Latest figures from the Department of Health reveal that barely one in five doctors' surgeries open in the evenings or at weekends to cater for patients who cannot attend appointments during working hours. In some areas, not a single surgery is open beyond normal office hours.
Patients' groups said they were receiving a growing number of complaints from commuters and others who could not see their doctors at a convenient time.
The Government yesterday underlined its commitment to have half of all GPs' surgeries operating "worker-friendly" opening hours by the end of this year, in the face of growing opposition from doctors.
Ministers have asked GPs to work an extra 30 minutes a week per 1,000 patients.
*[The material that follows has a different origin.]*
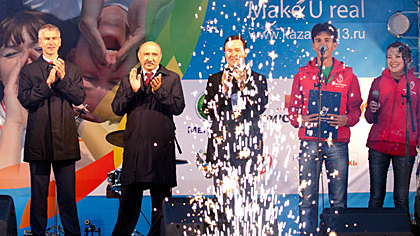 The motto ‘Make U Real’ reflects the importance attached to each volunteer’s involvement in delivering a large-scale sporting event and those possibilities that are opened up for enthusiasts. ‘Make U Real’ means that the 2013 Summer Universiade is a joint project the successful implementation of which depends on a well-coordinated work of the team.

Leaders from the doctors' union, the British Medical Association (BMA), signed up to the new terms after the Government threatened to impose financial penalties on practices that refused to open later. But only 1,644 out of 8,068 practices now offer extended hours.
A spokeswoman for the Patients Association said: "Patients who want extended hours but can't get them are trapped – and that's not a National Health Service."
Delegates to the BMA conference in Edinburgh this week will vent their frustration on their leaders, as well as the Government. One motion decries the BMA's "surrender" over surgery hours, while another "expresses its deepest disappointment with way the Government handled the issue of extended opening hours of GP surgeries".
A Department of Health spokeswoman said the Government expected to see the number of practices operating extended hours rise when it publishes new figures this month.